SIMPLE STAIN
LEARNING OBJECTIVES
Properly make a bacterial smear for staining
Properly perform the simple stain technique
Identify morphology of bacteria
Identify arrangement of bacteria
MCCCD OFFICIAL COURSE COMPETENCIES
Utilize aseptic technique for safe handling of microorganisms
Apply various laboratory techniques to identify types of microorganisms
Identify structural characteristics of the major groups of microorganisms
Compare and contrast prokaryotic cell and eukaryotic cell
Compare and contrast the physiology and biochemistry of the various groups of microorganisms
MATERIALS
Stock cultures:
Slant culture of Staphylococcus epidermidis (Gram-positive cocci) 6 / 2 lab sections
Slant culture of Escherichia coli (Gram-negative bacilli) 6 / 2 lab sections
Equipment:
“E” slide and “S” slide prepared in the streak plate lab exercise
Microscope slides
Deionized water dropper bottle
Inoculating loop
Bibulous paper
Lens wipes
Stain container
Slide warmer
Bacticinerator
Microscope
Immersion oil
Stains:
Crystal violet
Safranin
BACTERIA ALBUM
Unstained bacteria are nearly transparent. To see them with the microscope we often use chemical compounds called stains. Staining improves the ability to see small, colorless bacteria. To understand how staining works, it will be helpful to know a little about the physical and chemical nature of stains. Stains are generally salts in which one of the ions is colored. A salt is a compound composed of a positively charged ion and a negatively charged ion. For example, the stain methylene blue is the salt methylene blue chloride which will dissociate in water into a positively charged methylene blue ion which is blue in color and a negatively charged chloride ion which is colorless.
Stains may be divided into two groups: basic and acidic. If the color portion of the stain resides in the positive ion, it is called a basic stain. Some examples of basic stains include methylene blue, crystal violet, and safranin. If the color portion of the stain is in the negative ion, it is called an acidic stain. Some examples of acidic stains include nigrosin, congo red and eosin.
Because of its chemical nature, the cytoplasm of all bacterial cells has a slight negative charge when growing in a medium of near neutral pH. Therefore, when using a basic stain (positively charged), the positively charged color portion of the stain combines with the negatively charged bacterial cytoplasm and the organism becomes directly stained.
In a simple stain, the bacteria are stained with one positively charged stain, staining the bacteria the same color. Crystal violet, methylene blue, and safranin are all examples of positively charged stains used in simple stains, although any positively charged stain may be used.

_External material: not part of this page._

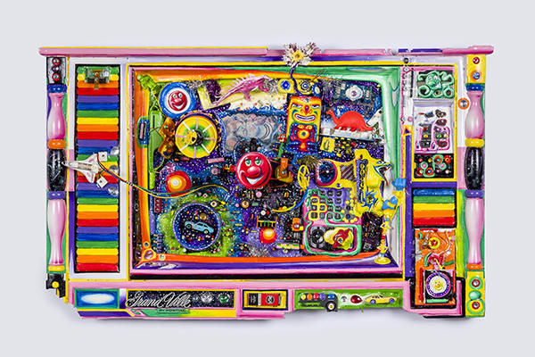 Scharf uses paint along with plastic beads and decorations, layering colors and objects to create fantastical, intimate dioramas that reference Scharf's lifelong concern about the detrimental environmental effects of discarded plastic. These three series all engage rectilinear forms as framing and structuring devices but resist the traditional rigidity of the grid, inviting playful imagery and bold color into its structure.

Simple stains are easy to perform and provide basic information about size, morphology (shape), and arrangement of the bacteria. When viewing a simple stain, the microorganisms will appear colored against a transparent background.
PRE-ASSESSMENT
PROCEDURE
Simple stain the “E” and “S” slides you prepared in the streak plate lab exercise one at a time.
1. Add a few drops of positively charged crystal violet OR positively charged safranin to the smear. Wait 1 minute. Rinse the smear with deionized water. Shake excess water off the smear.
2. Gently blot the excess water from the slide using bibulous paper.
Observe stained slides
1. Review how to set up your microscope properly in the microscope lab exercise. Bacteria on the stained smear will need to be magnified 1000X to be able to determine morphology and arrangement.
2. Draw the simple stained bacteria you have observed at 1000X total magnification in the worksheet. Complete the worksheet.
3. After you have observed the simple stain slides, dispose of the slides in the used slide basin.